Monday, February 3, 2020

cure


if I had your sense of humor
if I had your peace of mind
if I look into the mirror
you are what I hope I find
I don't want to be who I am
I ain't lying, man, that's for sure
I have got this disease
I believe you know the cure

wanting to be someone else
is not healthy
is not wise
but I want to see what everything
looks like to you through your eyes
you seem to me to have some wisdom
straight and even, clean and pure
I just need to be like you
I believe you know the cure

saving me is not your story
I'm not your responsibility
days of careless rain and thunder
are all I have inside of me
I don't know what I can do next
I can't accomplish any more
I've contracted this disease
I believe you know the cure


Sunday, February 2, 2020

live inside your heart


I took the high road
and look where it got me
I was in hiding
but, baby, you caught me
and now I'm imprisoned
by the taste of your love
but no matter how much
it's never enough

          I just want to live inside your heart
          I just want to live inside your heart

love is for losers
love is for fools
love is not
paying attention to rules
I go where it leads me
and it took me to you
I know I'm not worthy
but what else can I do

          I just want to live inside your heart
          I just want to live inside your heart

every second of my life
is yours and yours alone
being with you is the only
time I feel known
I swear I can love you
if you just give me a chance
there's nothing to be scared of
it's only true romance

          I just want to live inside your heart
          I just want to live inside your heart


Saturday, February 1, 2020

In a way, it's like magic


Man, I tell you, I've been working a lot on music lately. I have these two new songs in the works, to add to all the other new songs that I have. It feels good. I don't know if the rest of my life is any good, but the music is working and that's the main thing I want. Except for family and some friends, this is what matters. It's not whether or not I get noticed or ever make any money or anything. The creative part of me is very determined and wants it badly. And what I want to do is create music.

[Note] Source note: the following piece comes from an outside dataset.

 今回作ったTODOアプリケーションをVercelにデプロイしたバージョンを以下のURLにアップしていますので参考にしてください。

And now you're doing it, farmboy. I mean, you've been doing it for years, as long as I've known you, and I still love seeing you get excited for the creativity you experience when it comes to writing.

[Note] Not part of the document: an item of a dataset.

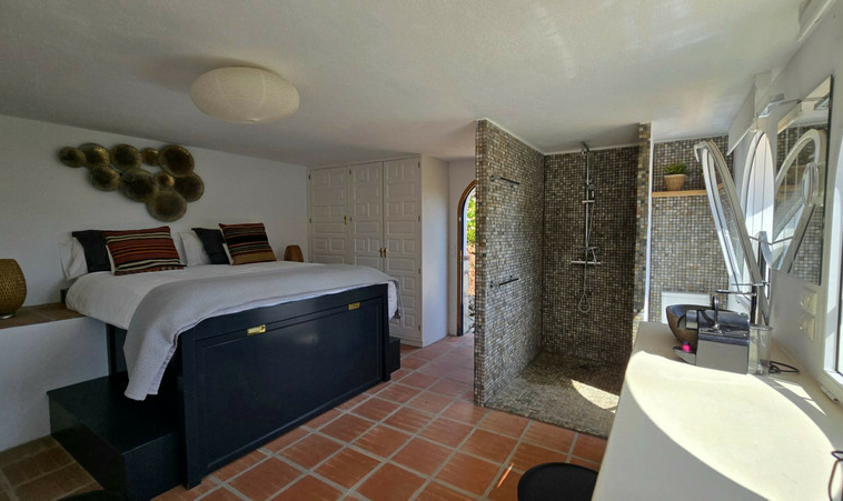 AL ACERCA DE LA PROPIEDAD, SE ENCUENTRA CON JARDINES MADUROS DE FÁCIL MANTENIMIENTO. EN LA PRIMERA PLANTA, A LA IZQUIERDA, SE ENCUENTRA UN DORMITORIO ESTUDIO INDEPENDIENTE CON ACCESO PROPIO. EL ESTUDIO ES MUY LUMINOSO GRACIAS A SUS 3 VENTANAS DE ARCO, CON LAVABO Y DUCHA INDEPENDIENTE, UNA GRAN CAMA DOBLE CON AMPLIO ESPACIO DE ALMACENAMIENTO. LA HABITACIÓN CONDUCE A UN TRASTERO CONVERTIBLE EN COCINA.

Yeah, it's pretty fuckin' amazing, if you think about it. I don't know what all the unconscious does but it feels like it puts all this stuff together, it makes all these connections that maybe I'm not supposed to know. In a way, it's like magic. 

It is pretty amazing when you think about it. Your mind goes through all these experiences, all these things you've observed, all these thing you've felt. And it gets put together in a piece of art that lasts, what? Three and a half minutes or so...

That's on the long side, man.

Whatever. It amazes me that you can put so much of yourself into that space of time. Not everybody can do that.

I can't fix a car. If my plumbing breaks, I'm sunk.

But everybody has talents. And yours, my friend, is in music.

I know. It's frustrating sometimes, especially when I'm not performing much. But I feel blessed. This is the only thing that matters.